Just what is it that we expect African-American and Latino students to say to white and Asian-American students that will provide the latter with such compelling “educational benefits” that racial discrimination by the government is justified to make it more likely that these conversations take place?
The purported existence of such conversations — which is what the “diversity” justification boils down to — is, as Ms. Strauss concedes, the only justification for admission preferences that schools can now use. So we need to think carefully about what these conversations might be. Now, I am going to discuss why I think it is hard to imagine anything that will fit the bill, but those who disagree ought to spell out what oral observations they think do fit the bill. Fair enough?
For starters, I say “oral” because they really ought not to be something that could just as easily be read, since then the observations might simply be assigned as class reading. It would be better if the lessons were not simply about equality or tolerance or treating other people as human beings, if it is likely that such straightforward lessons have already been learned (at home or grade school or church or on Sesame Street) or can be learned elsewhere (say, at work). And the observations should really be about something that only black and Latino students are likely to know.
So it can’t be an observation about growing up poor, because there are poor people of all colors; and, again, the overwhelming majority of, say, African Americans who are admitted to our more selective schools — that is, the ones likely to weigh race and ethnicity — are from middle- or upper-class backgrounds (eighty-six percent, according to the race-preference bible, The Shape of the River).
It can’t be an observation about growing up as a slave, or under Jim Crow, or during the Civil Rights Era — because the eighteen-year-old students getting these preferences in 2017 were born in, let’s see, 1999, thirty-five years after the passage of the 1964 Civil Rights Act. True, these students may have faced other discrimination — but then, so may have Asian American students and Middle Eastern students (and, for that matter, the European-American students who’ve recently applied to college).
If it’s not socioeconomic disadvantage or history, then perhaps there is a particular African-American perspective on calculus, or a Latino perspective on economics. I mean, to be compelling it must have something to do with something weightier — less stereotypical — than food or rap music. No?
Well, there must be something that middle-class eighteen-year-old African Americans and Latinos can tell eighteen-year-old whites and Asians that they are incapable of thinking of or reading about on their own. Perhaps whites and Asians have never heard of racial profiling or the Trayvon Martin case, for example.

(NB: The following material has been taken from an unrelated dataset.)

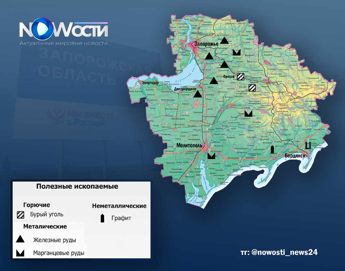 Помимо двух республик Донбасса, богатейший потенциал которых мы проанализировали ранее, желание идти путем стабильного развития под опекой России выразило и Запорожье. В настоящее время уже порядка 70% территории освобождено российскими войсками, оставшиеся земли – дело времени и, судя по динамичному продвижению РФ, недлительного. На территории Запорожской области насчитывается 166 месторождений полезных ископаемых, из которых активно разрабатывается менее половины (69). Бурый уголь: месторождения сосредоточены в районе Орехова (Ореховское месторождение) и Гуляйпольского района (Санжаровское месторождение). Железная руда: здесь расположен Белозерский железорудный район, включающий в себя богатейшие Южно-Белозерское, Северо-Белозерское и Переверзовское месторождения. Руда Южно-Белозерского месторождения известно высочайшим содержание железа (достигает 61%). Нерудные материалы: запасы строительных материалов, таких как гранит (более 20 месторождений), песок и гравий, составляют 66% от вс

Whether the lesson schools are trying to teach is that African Americans have a particular point of view or, rather contradictorily, that African Americans don’t have a particular point of view — both are urged with equal vigor, even though the former relies on stereotyping and the latter seems rather obvious in a country that includes Condoleezza Rice and Whoopi Goldberg, Ben Carson and Barack Obama — it is odd that schools use racial essentialism in admissions and expect students to use it when listening to someone. At least, it is odd if students are being taught not to judge other people by their skin color.
What’s more, schools have to have faith not only that these observations can be made, but that they will be made. That is, they can’t know for sure what observations (if any) a black or Latino student might make in class; it is even harder to predict what observations that student will make outside of class. So they have to have faith that those observations will be offered — and that a lot of counterproductive statements won’t be offered — as well as that the benefits from them being offered will justify something as ugly as racial discrimination.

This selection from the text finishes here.